There is a leap year every four years between 100c and \(100(c+1)\). Since there are 365 days (\(= 1\) modulo 7) in a normal year and 366 days (\(= 2\) modulo 7) in a leap year, the day of the week for a given day in the year increases from one year to the next by 1 in a nonleap year and by 2 in a leap year. As a result, y years after 100c, the day of the week for the given day will have increased by \(y + y_{1}\). Therefore, the day of the week for Doomsday in the year \(n = 100c + y\) is given by

$$ f(n) = (2-2c_{2}) + (y+y_{1}). $$

Furthermore, this formula can be modified as follows.

Proposition 1.

The day of the week for Doomsday in the year \(n=100c+y\) is

$$ g(n) = 5(c_{2}+y_{2}-1) + 10y. $$

Proof.

Calculation modulo 7 shows that

$$\begin{aligned} g(n) - f(n)&= 5(c_{2}+y_{2}-1) + 10(4y_{1}+y_{2})\\&\quad - (2-2c_{2}) - (5y_{1}+y_{2}) = 0, \end{aligned}$$

which means that the two formulas give the same day of the week. \(\square \)

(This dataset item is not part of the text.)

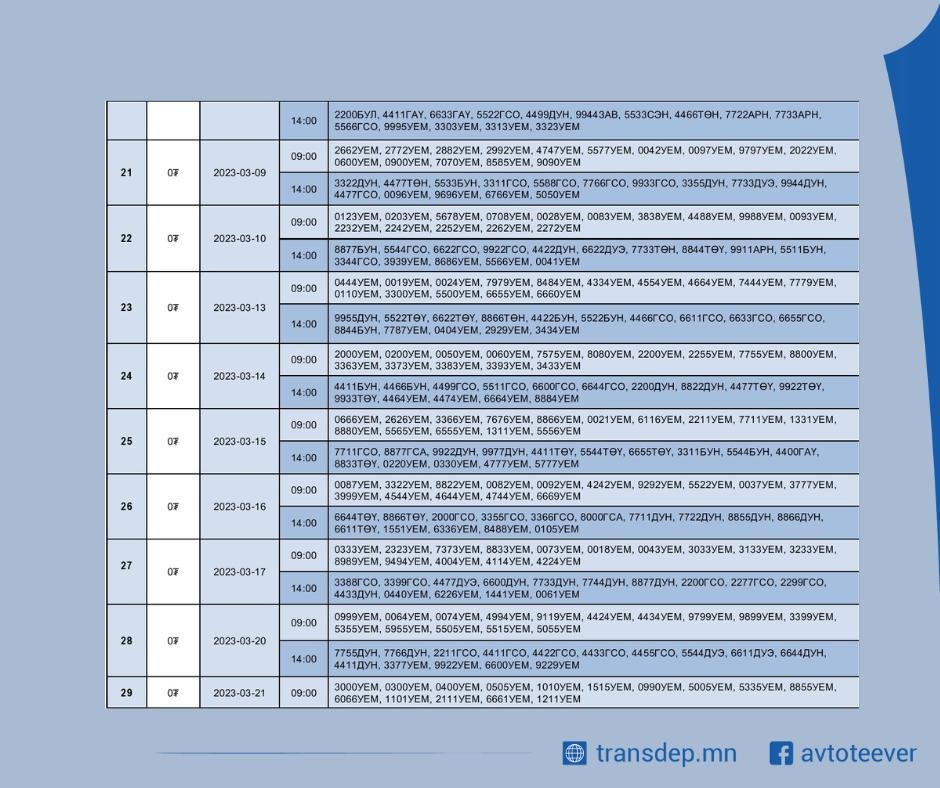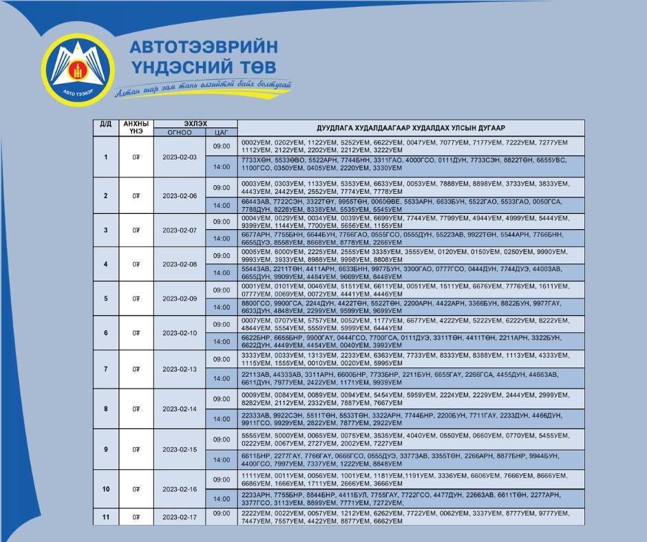 Зам, тээврийн хөгжлийн сайдын 2020 оны 11 дүгээр сарын 18-ны өдрийн А/222 тоот тушаалаар батлагдсан “Автотээврийн хэрэгслийн бүртгэл хөтлөх улсын дугаар олгох журам”, 2022 оны 07 дугаар сарын 06-ны өдрийн А/207 тоот тушаалаар батлагдсан “Тээврийн хэрэгслийн бүртгэлийн дугаарын дуудлага худалдааг зохион байгуулах журам”-ын хүрээнд тээврийн хэрэгслийн улсын бүртгэлийн дараах дугааруудыг худалдах нээлттэй цахим дуудлага худалдааг зарлаж байна.

The advantages of the above formula over those previously given are twofold. First, it uses only the remainder on division (recall that the corresponding formulas used by [1] and [2] need both the quotient and the remainder), and so there are fewer items to memorize during the calculation. Second, it is easy to multiply by 5 or 10 in the decimal system. The only difficulty is that one may have to deal with a slightly larger number (at most three digits) in most cases on multiplying a two-digit number by 10. This represents only a small problem, however, since one can calculate modulo 7 at each step to keep the numbers small.

Remark 2.

If you want to use a different anchor day from Conway’s Doomsday, then you may change the value of the integer k in the formula

$$ g(n) = 5(c_{2}+y_{2}-k) + 10y. $$

Example 3

(September 17, 1826). The remainder on dividing \((c,y) = (18,26)\) by 4 is \((c_{2},y_{2}) = (2,2)\), which gives \(5(2+2-1)=15=1\); 10 times y is \(10 \cdot 26 = 10 \cdot 5 = 1\), so Doomsday for 1826 is \(1 + 1 = 2\), that is, Tuesday. The difference between 17 and the Doomsday in September (namely 5) is \(17 - 5 = 12\), so September 17, 1826, was day \(2 + 12 = 14 = 0\), i.e., Sunday.

Example 4

(January 24, 1984). The remainder on dividing \((c,y) = (19,84)\) by 4 is \((c_{2},y_{2}) = (3,0)\), which gives \(5(3+0-1)=10=3\); 10 times y is \(10 \cdot 84 = 10 \cdot 0 = 0\), so Doomsday in 1984 is \(3 + 0 = 3\), Wednesday. The difference between 24 and the Doomsday in January of a leap year (namely 4) is \(24 - 4 = 20\), so the answer is \(3 + 20 = 23 =2\), Tuesday.